Furthermore, twenty-five factors categorized as technical, process-based on financial factors
(van Oppen, 2017) are identified that influence building disassembly from existing research.
Not only the built environment but also other sectors like industrial engineering and
automotive are considered. Adding all the factors in the BCI assessment model would make
the model too complex. Therefore the decision is made to only incorporate the most
important disassembly factors in the assessment model.
Two surveys are conducted with the Fuzzy Delphi Method (FDM) to validate and make a
selection of disassembly factors and to determine the relative weights of the disassembly
factors. A hypothesis is formulated that there is a difference between importance of the
disassembly factors. This can be covered with assigning weights for disassembly factors in the
BCI assessment model. From the results of the first survey twelve factors are selected and
from the results of the second survey the weights are determined. By validating the impact of
the weights no significant difference is found between the importance of disassembly factors.
This does not support the hypothesis and the decision is made to use equal weights for
disassembly factors in the BCI assessment model.

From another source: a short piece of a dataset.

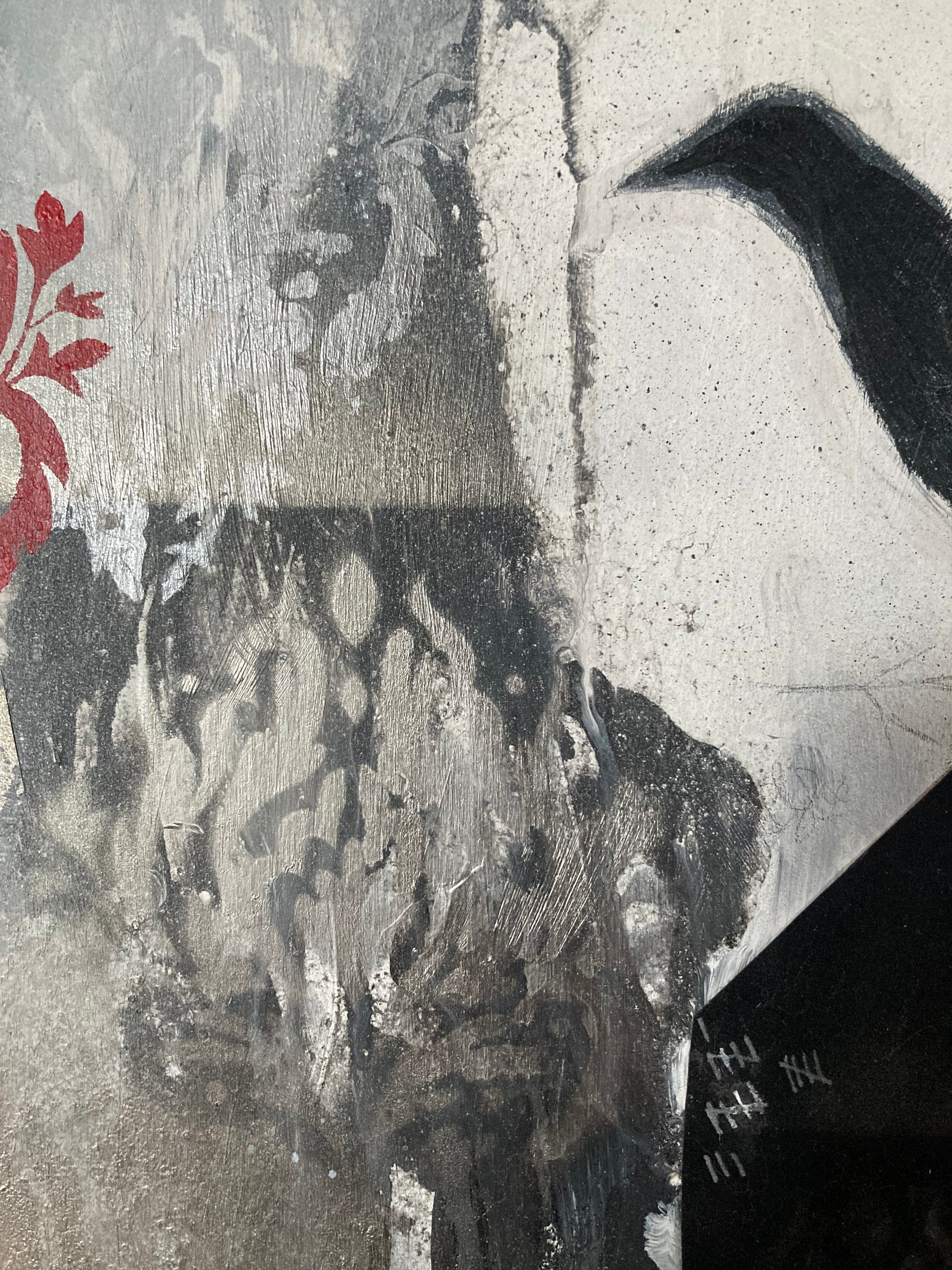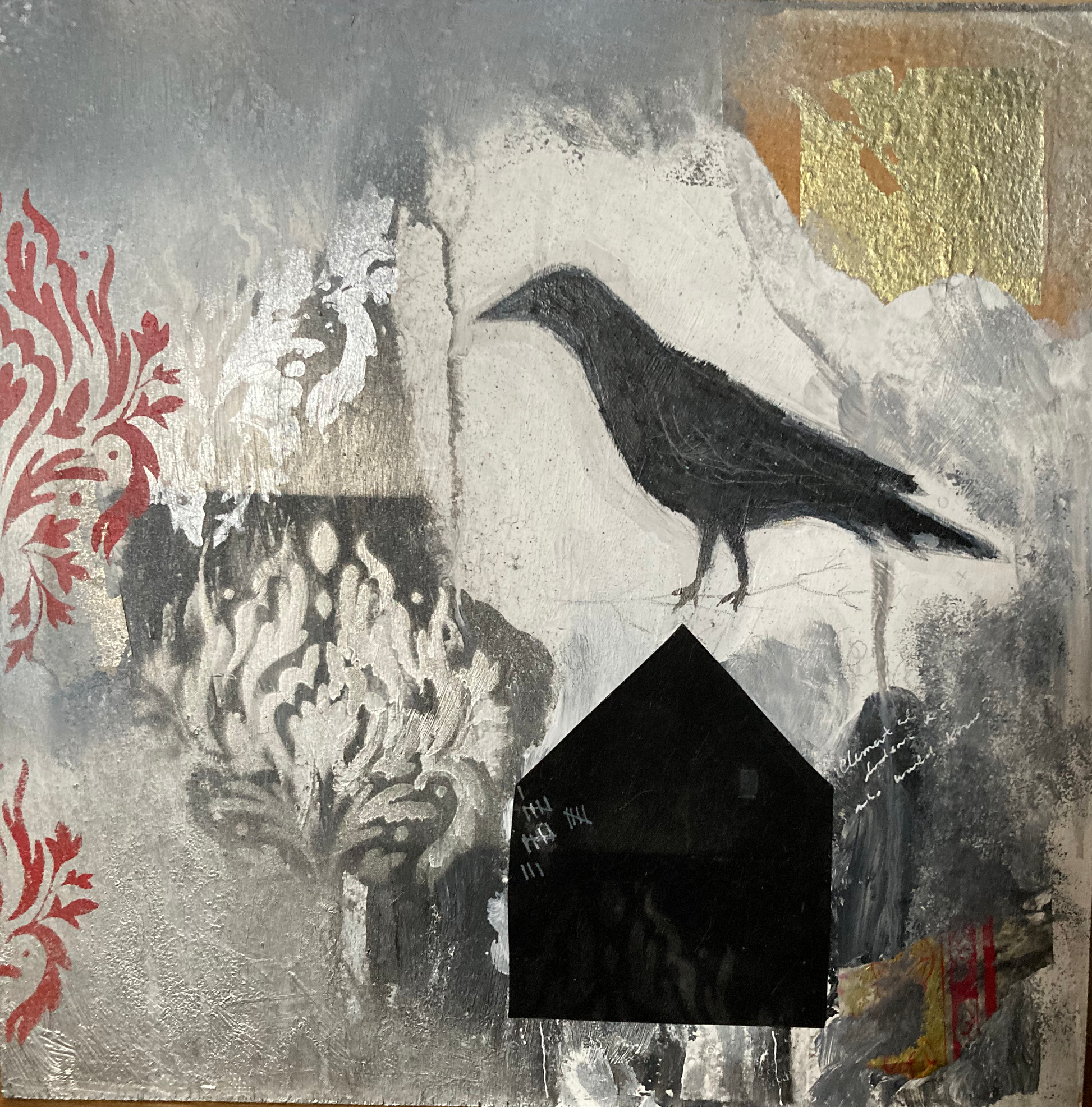 Beautiful little mixed media crow painting. Oil paint, spray paint, paper, velvet, pencil, 12"x12" on board.
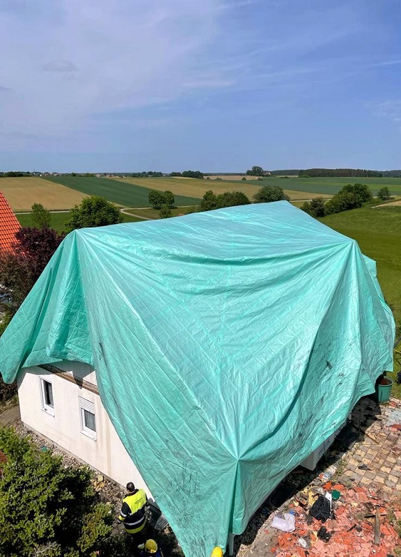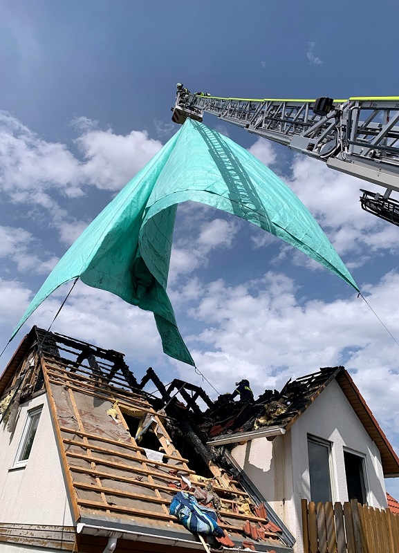 Ein Teil der Einrichtung im Dachgeschoss wurde dabei durch eine große Dachhautöffnung ins Freie befördert, anschließend wurde mit Hilfe der Drehleiter ein sogenanntes „Notdach“ über das Haus gezogen, welches das offene Dach vor Witterungseinflüssen schützt.

A new conceptual model for the BCI assessment model is developed to solve the limitations
of the BCI assessment model. Disassembly factors are implemented in the model as technical
requirements, preconditions and drivers. In the MCI step all products are classified according
to a proposed method to determine building levels. In the PCI step, relational patterns based
on detail drawings serve as framework to assess the Disassembly Potential of all products with
the new disassembly factors. According to reusability of products or a Disassembly Potential
threshold, systems are determined in the SCI step. These systems represent clusters of
products that can be assessed for Disassembly Potential as an entity. Finally in the BCI step,
all PCI’s and SCI’s are aggregated with a normalizing factor to determine one score to indicate
the circular potential of a building.
The new BCI assessment model is validated with a case study of a building designed for
disassembly. After a short validation session with the developers the resulting disassembly
potential reflects their experience with assembling and disassembling their model house.

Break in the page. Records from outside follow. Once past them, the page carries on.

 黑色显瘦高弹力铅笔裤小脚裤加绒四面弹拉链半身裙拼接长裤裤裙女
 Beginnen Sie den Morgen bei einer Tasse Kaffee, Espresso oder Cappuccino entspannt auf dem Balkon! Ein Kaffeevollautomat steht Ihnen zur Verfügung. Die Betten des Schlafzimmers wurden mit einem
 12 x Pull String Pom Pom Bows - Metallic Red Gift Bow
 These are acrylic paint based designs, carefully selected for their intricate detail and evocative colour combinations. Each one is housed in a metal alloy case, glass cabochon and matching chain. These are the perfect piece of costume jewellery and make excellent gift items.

Furthermore the results are compared with the old BCI assessment model. The difference
seems bigger on lower building levels than higher building levels, which is expected, but more
test cases are required to draw conclusions of the impact of the new calculation method on
the score. It was impossible to determine disassembly potential in the old BCI assessment
model without framework. Providing this is another big contribution of this research. By using
relational patterns and detail drawings the BCI assessment model became more transparent.
This method is also used to calculate the old BCI assessment model for the comparison.